Pictures in the records below must be left out. Return exactly the lines from the line with "アクセサリーパーツ ハンドメイド MP145" to the line with "Desde el lado", both included.

Dataset entries
▽
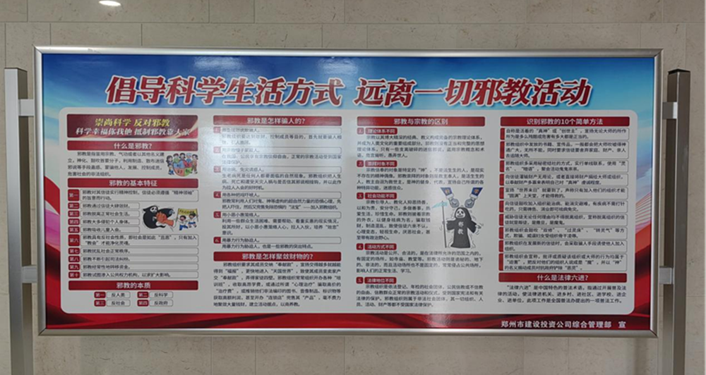 為了進(jìn)一步提高國(guó)企員工反邪教意識(shí),認(rèn)識(shí)邪教的危害,切實(shí)增強(qiáng)自覺(jué)抵御邪教侵蝕的能力,營(yíng)造積極向上、健康和諧的工作氛圍。4月25日下午,鄭州市建設(shè)投資集團(tuán)有限公司組織全體干部員工開(kāi)展反對(duì)邪教宣傳活動(dòng)。利用PPT宣講、宣傳展板、網(wǎng)站、懸掛橫幅等方式,向員工宣傳邪教的種類(lèi)、危害和邪教組織的種類(lèi)等,引導(dǎo)國(guó)企干部職工認(rèn)清邪教本質(zhì),提高識(shí)邪、防邪、拒邪能力,筑牢反邪教思想防線(xiàn),做到對(duì)邪教歪理邪說(shuō)不聽(tīng)、不看、不信、不傳。
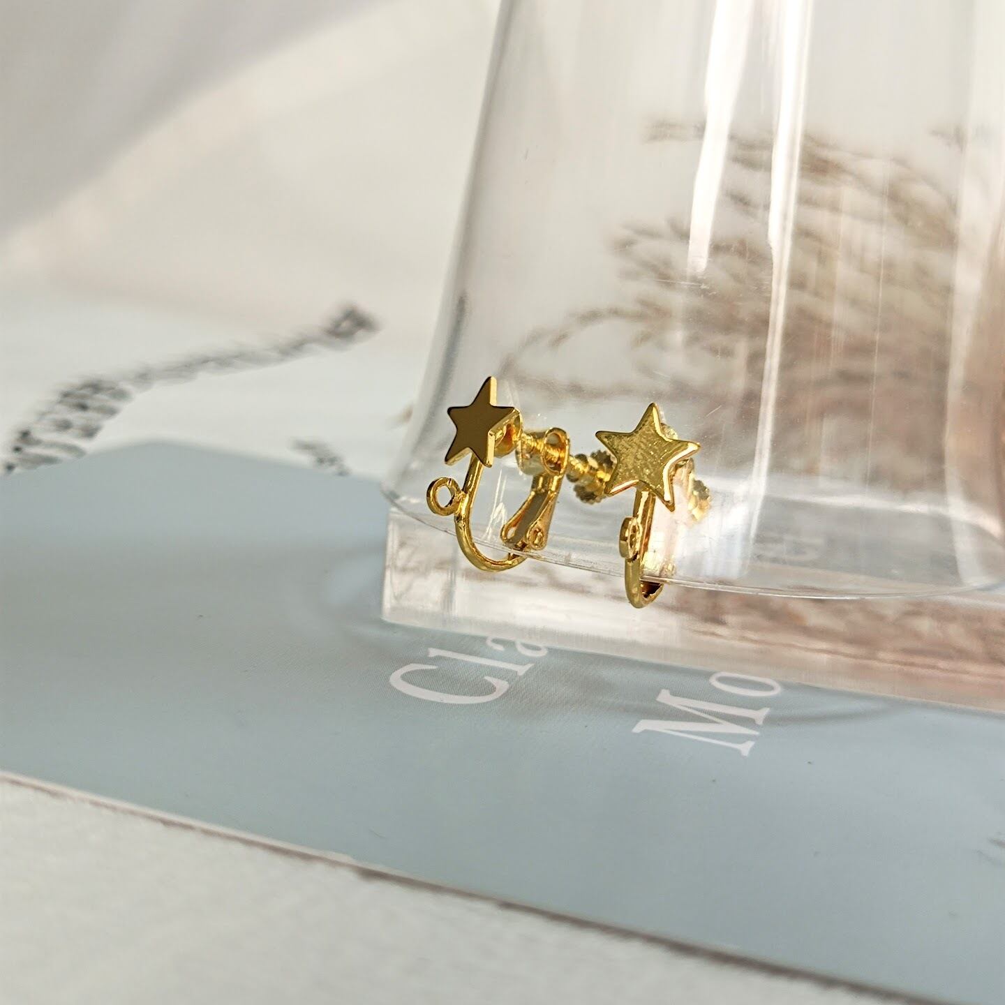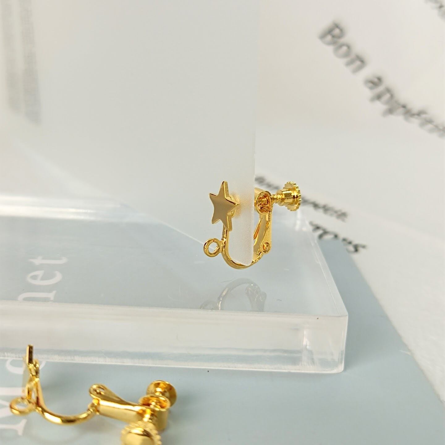 【4個】本金メッキ スター 星形 カン付き イヤリング金具 ナジバネ バネ式 基礎金具 アクセサリーパーツ ハンドメイド MP145
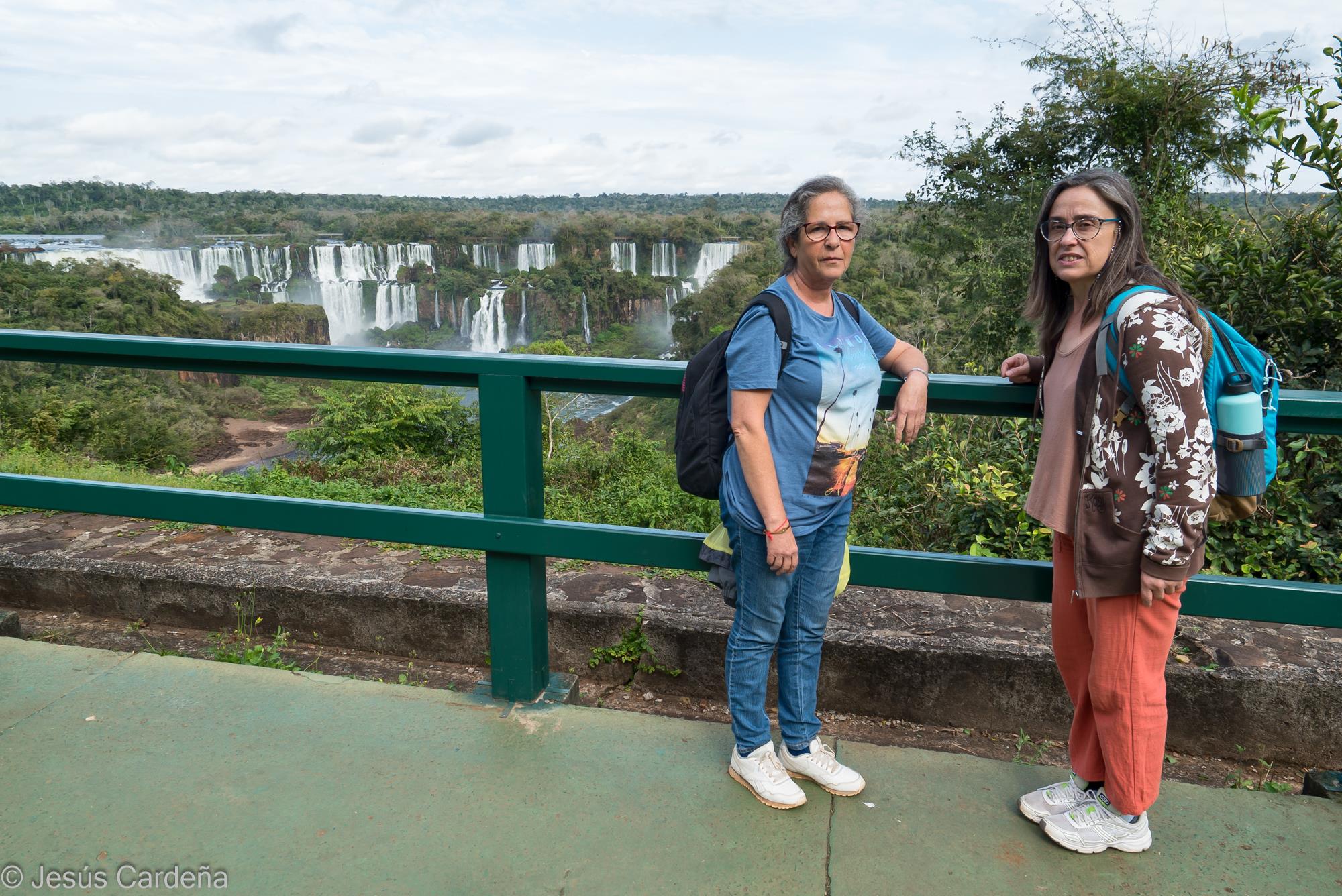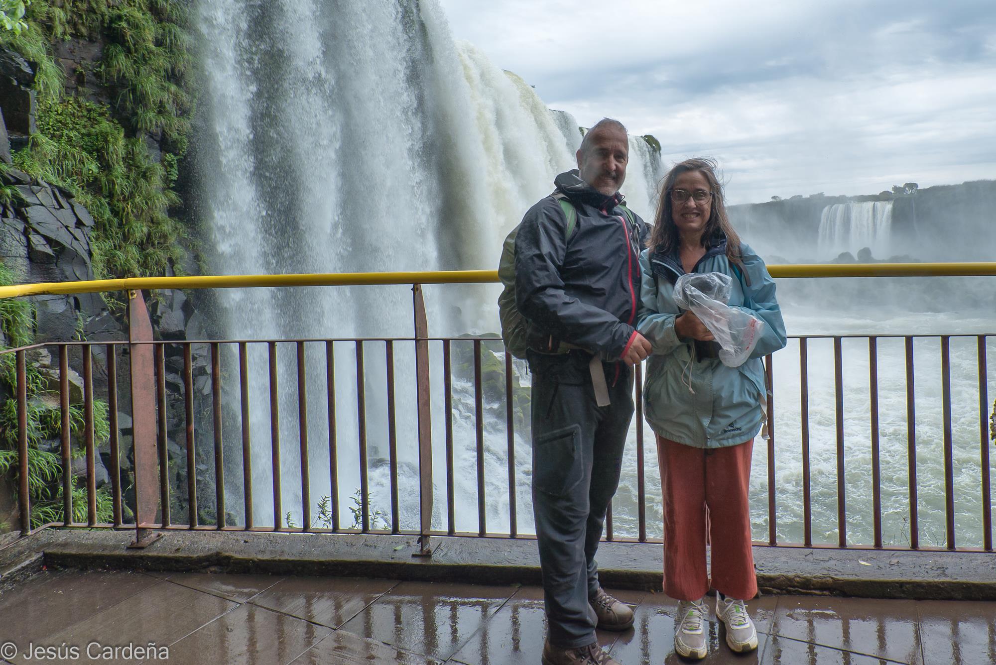 Desde el lado de Brasil, donde estamos, se ven muy bien las cataratas del lado Argentino pero lo mejor es que prácticamente las puedes tocar, estás tan cerca que acabas empapado del roció que desprenden. Advertidos de ello vamos provistos de chubasqueros.
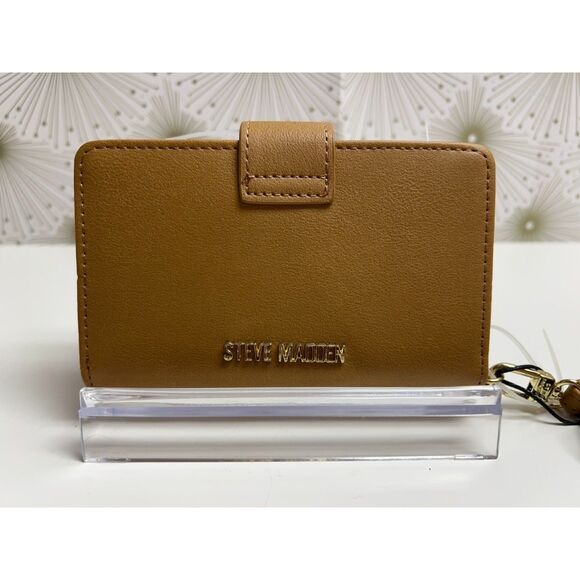 NWT Steve Madden tan bifold wallet/wristlet with detachable card case and plenty of slip pockets for credit/bank cards and ID. Wrist strap is detachable for ease of use. Snap closure. Vegan leather. Compact and stylish for everyday use.
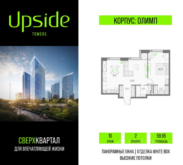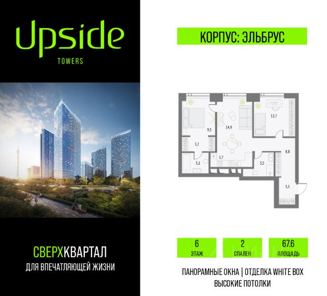 Продаётся 2-комнатная квартира площадью 63.24 кв.м на 3 этаже 46 этажного корпуса Монте Бьянко в квартале небоскребов "Upside Towers". В квартире отделка White-box, c видом на Звездный бульвар, Ольгинский храм, Останкинскую Башню. Номер квартиры Г0303. Upside Towers - технологичный квартал строится в динамично развивающемся Бутырском районе, в 3 мин. от метро, в 5 мин. от ТТК. На территории 7 га возводится 5 высотных башен от 19 до 58 этажей, названных в честь главных вершин земли. Квартиры с панорамными окнами в пол, высокими потолками и современными инженерными решениями. Благоустроенная зеленая территория включает: приватные дворы, природный комплекс, прогулочный бульвар, ландшафтный парк 2,5 га с сенсорным садом и многофункциональными игровыми и спортивными площадками. В корпусе откроется смотровая площадка для резидентов с панорамными видами на город, парки, Останкинскую башню, ВДНХ, Ботанический сад и Москву-Сити. На первых этажах корпуса Монте Бьянко разместятся: фитнес студия, салон красоты, центр превентивной медицины, образовательные классы, книжный магазин, аптека, фермерская лавка, а также келлеры для хранения сезонных вещей. В приватном закрытом дворе разместятся разнообразные площадки для прогулок, игр и отдыха. Визитной карточкой двора станет уникальная биометрическая игровая пещера со сказочными тоннелями, горками и космическими "мягкими" камнями с неизведанных планет. Планету Земля дети смогут исследовать в павильоне круглый год: объемная крыша укроет от солнца и дождя. Игровая пещера будет реализована в стиле "эмоциональная архитектура". Большое внимание в проекте уделяется созданию социальной инфраструктуры. В стилобатной части, между корпусами "Атлас" и "Олимп" разместится уникальное пространство закрытый клуб для жителей квартала Upside Club площадью 2 000 кв. м. Здесь разместятся: каминный зал с роялем, многофункциональная детская зона c двухуровневым игровым оборудованием для малышей и дошкольников, плей-рум для подростков, домашний кинотеатр, коворкинг, переговорные и лектории. На 47 этаже башни "Атлас" откроется SKY SPA Relax с расслабляющей атмосферой, джакузи, сауной, залами для релаксации и йоги. Собственники квартир смогут в любое удобное для них время забронировать посещение спа-зоны через смарт-приложение. На крыше стилобата разместится всесезонная BBQ патио-зона с верандой и закрытыми помещениями для приготовления и отдыха. Покупая квартиру даже самого минимального размера в Upside Towers, вы получаете в пользование 2 000 м² бесплатных общественных пространств. В рамках проекта строится государственная школа и детский сад, разместится более 15 000 кв.м. коммерческой инфраструктуры. Насыщенная социальная инфраструктура формирует множество сценариев для жизни на территории квартала. В Upside Towers применяются лучшие технологии и практики, чтобы обеспечить высшее качество жизни: Воздух, не уступающий по качеству горному, обеспечит приточно-вытяжная вентиляция. Пятиступенчатая очистка воды с сохранени Продается квартира в новостройке с отделкой рядом с метро Фонвизинская.
△
#### Exercise answer:
 【4個】本金メッキ スター 星形 カン付き イヤリング金具 ナジバネ バネ式 基礎金具 アクセサリーパーツ ハンドメイド MP145
 Desde el lado de Brasil, donde estamos, se ven muy bien las cataratas del lado Argentino pero lo mejor es que prácticamente las puedes tocar, estás tan cerca que acabas empapado del roció que desprenden. Advertidos de ello vamos provistos de chubasqueros.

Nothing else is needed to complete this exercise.